Mitochondrial quality control mechanisms include mitochondrial chaperones, the mitochondrial unfolded protein response (UPRmt), degradation of mitochondrial proteins in the cytoplasm via the proteasome (p97, 26S proteasome), removal of damaged proteins via mitochondrial derived vesicles (MDVs), and mitophagy (Figure 1) [32]. Misfolded mitochondrial proteins can be refolded by mitochondrial chaperone proteins (heat shock proteins 22, 60, and 70) or cleaved/degraded by mitochondrial proteases Lon and Clp through the UPRmt [33][34][35][36][37]. Damaged mitochondrial proteins can also be targeted specifically for proteasome degradation by p97 through the proteasome [38]. MDVs bud off mitochondria after engulfing damaged mitochondrial macromolecules. MDVs are associated with impaired mitochondrial import channels. These MDVs are either degraded by lysosomes, peroxisomes, or exocytosed [39][40]. Mitophagy (reviewed extensively below) functions to remove damaged mitochondria with the goal of preventing cell death.
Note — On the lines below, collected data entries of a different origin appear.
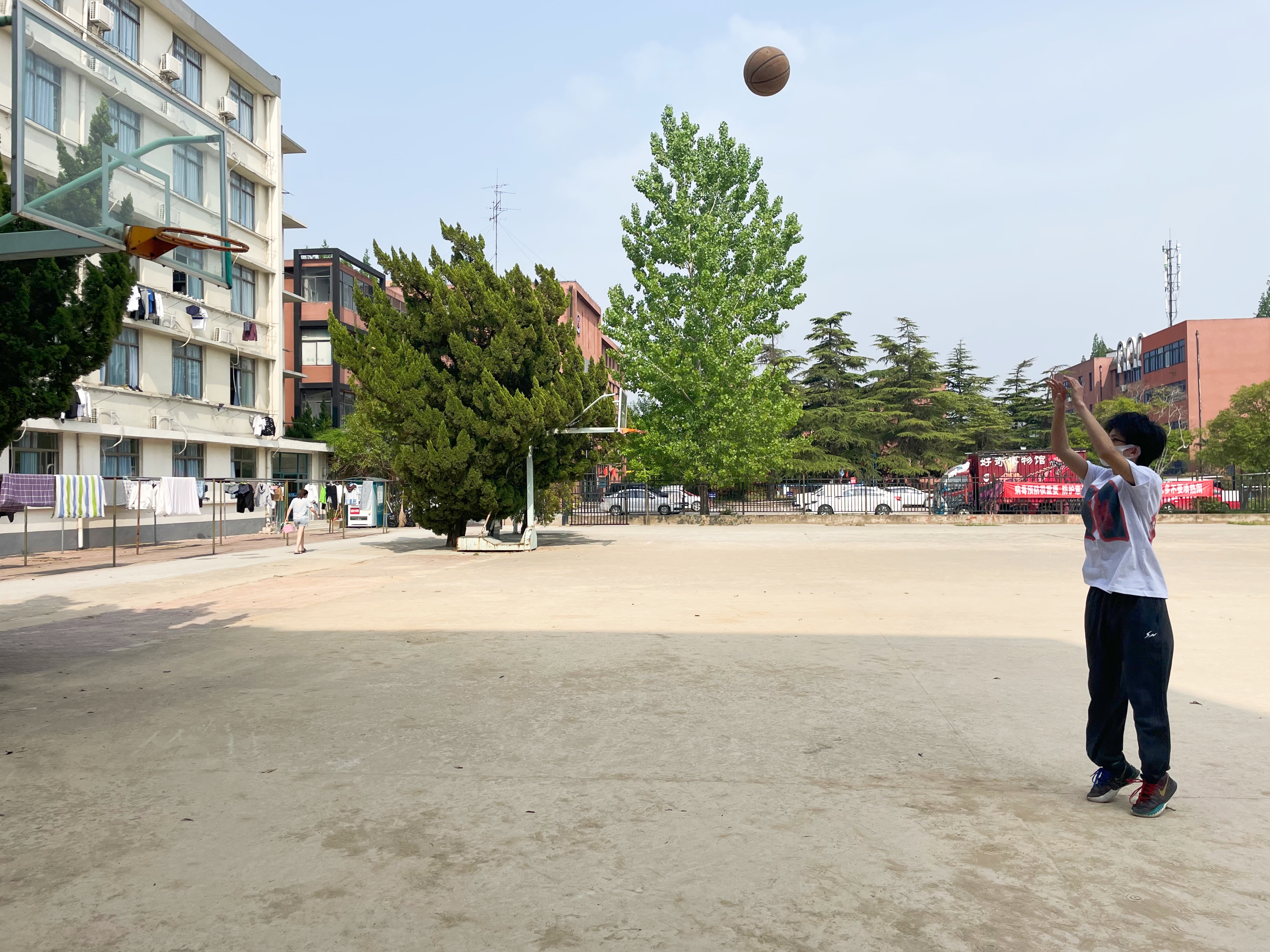 天气的炎热并没有阻挡参赛同学的积极性。比赛正式拉开帷幕,参赛选手们全神贯注地投起球来,旁边观战的同学们也不敢怠慢,不断地为参赛的同学呐喊助威。选手们膝盖略微弯曲,身体下蹲,凝视着篮筐,双腿猛然发力,高高弹起,手臂将球向上推去,手腕轻轻一抖,将球向篮筐送去。裁判员们认真负责,激情燃烧在运动的篮球场上,汗水挥洒在赛场的前进途中。活力四溢、灵活机动,青春涌动,友谊赛场绽放美好青春色彩。热血篮球,“疫”起加油。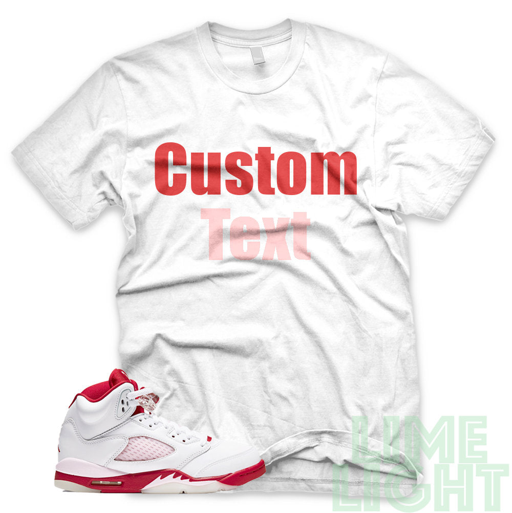 Pink Foam/Gym Red "CUSTOM TEXT" Air Jordan 5 Black or White Sneaker T-Shirt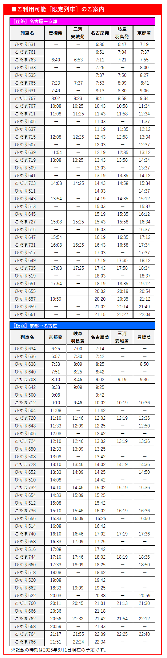 ●往復の東海道新幹線「限定列車ひかり」「限定列車こだま」普通車指定席〔名古屋駅⇔京都駅〕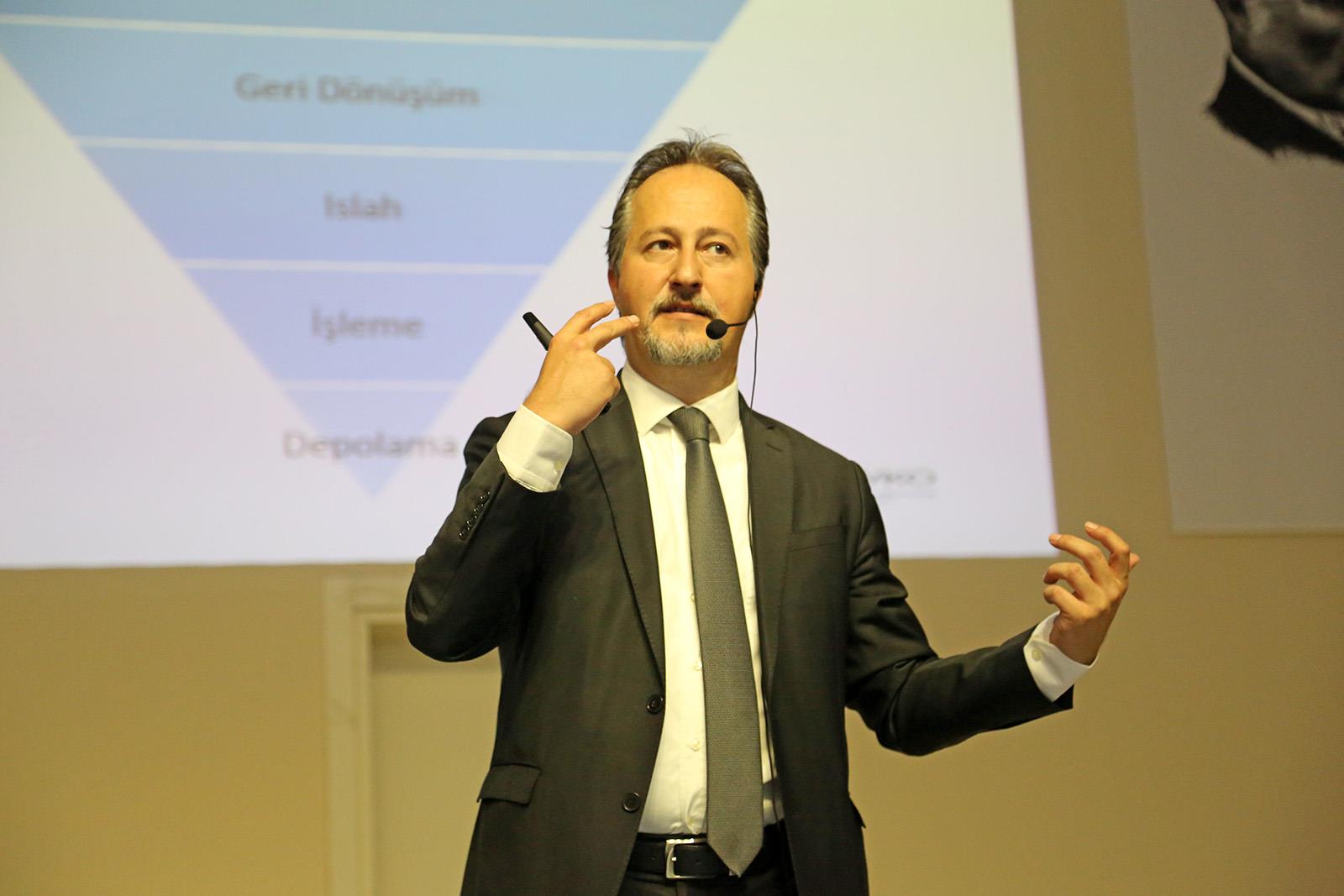 Murat Anaç eğitim seminerinde; ülkemizde ve dünyamızda meydana gelen çevre kirliliği ve boyutlarının son durumu, geri dönüşüm yöntemleri ve kullanım alanları, geri kazanımın yerküre için önemi ve Türkiye’de uygulanan geri dönüşüm sistemleri ile geri dönüşümün faydaları konuları hakkında sunum yaptı.

Figure 1. Mitochondrial Quality Control Mechanisms. Unfolded protein response, mitochondrial derived vesicles, and mitophagy [23][33] Created with BioRender.com.
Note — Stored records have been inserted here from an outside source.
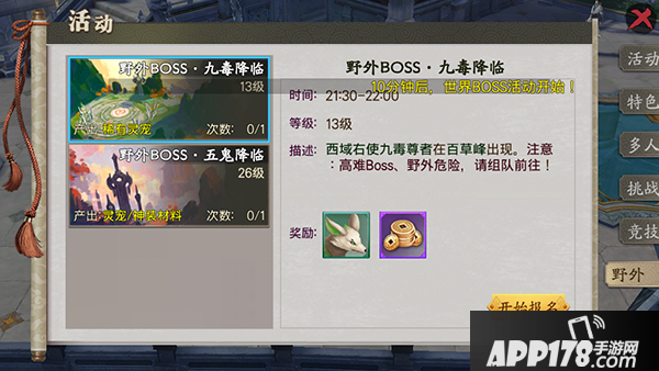 2,击杀野外boss西域右使九毒尊者,产出稀有灵宠变异灵狐。击杀野外boss西域左使五鬼天王产出变异青鸟。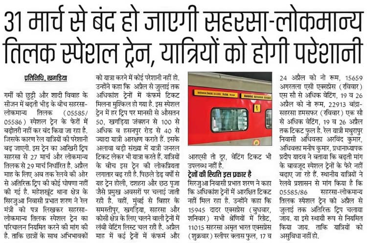 सहरसा-लोकमान्य तिलक स्पेशल ट्रेन 17 अप्रैल से 12 जुलाई तक किया जाएगा परिचालन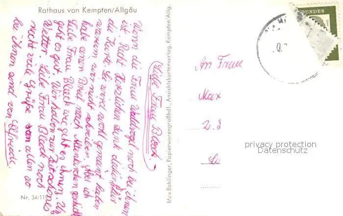 Kempten_Allgaeu Rathaus Kempten Allgaeu postalisch nicht gelaufen 1962 Erhaltung siehe scans [WerneD78] WernPID7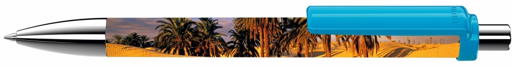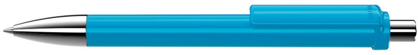 Druckkugelschreiber mit gedeckt glänzendem Schaft und Clip, Metallspitze und Metalldrücker glanzverchromt.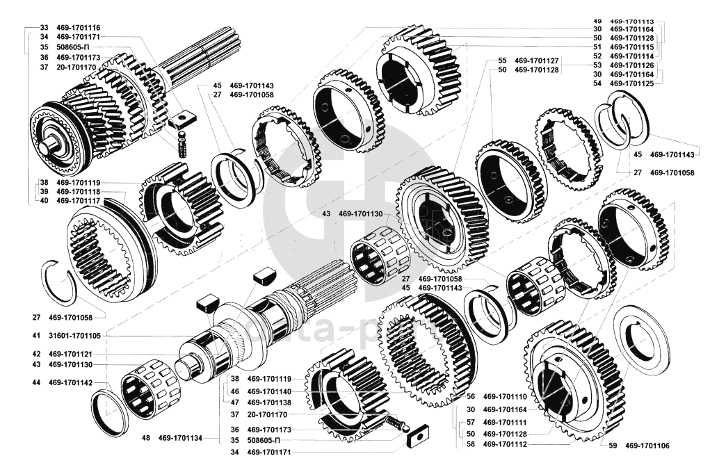 Шестерня 1-й передачи с кольцом синхронизатора в сборе

3. Modulating Mitophagy in Neurodegeneration

Increasing mitophagy in transgenic mouse models of neurodegeneration have shown mostly beneficial effects. In AD models (iPSC derived, transgenic mice, and C. elegans), increasing mitophagy using nicotinamide mononucleotide (NMN), UA, or actinonin (AC) reduced Aβ and tau aggregation. In AD transgenic mice, mitophagy induction benefited cognition [41][42]. These compounds are NAD+ precursors, which may drive mitophagy through alterations in redox balance (NAD+/NADH). UA likely drives mitophagy through a PINK1/Parkin/Nix axis.

Broad autophagy induction with Rilmenidine in the G93ASOD1 mouse model of ALS did not change disease progression [43]. The mechanism(s) of Rilmenidine autophagy/mitophagy induction are currently unknown. Rapamaycin (an mTOR inhibitor) treatment of this same mouse model was detrimental unless mature lymphocytes were depleted [44]. These studies highlight the importance of understanding the non-cell autonomous effects of autophagy and mitophagy pathways.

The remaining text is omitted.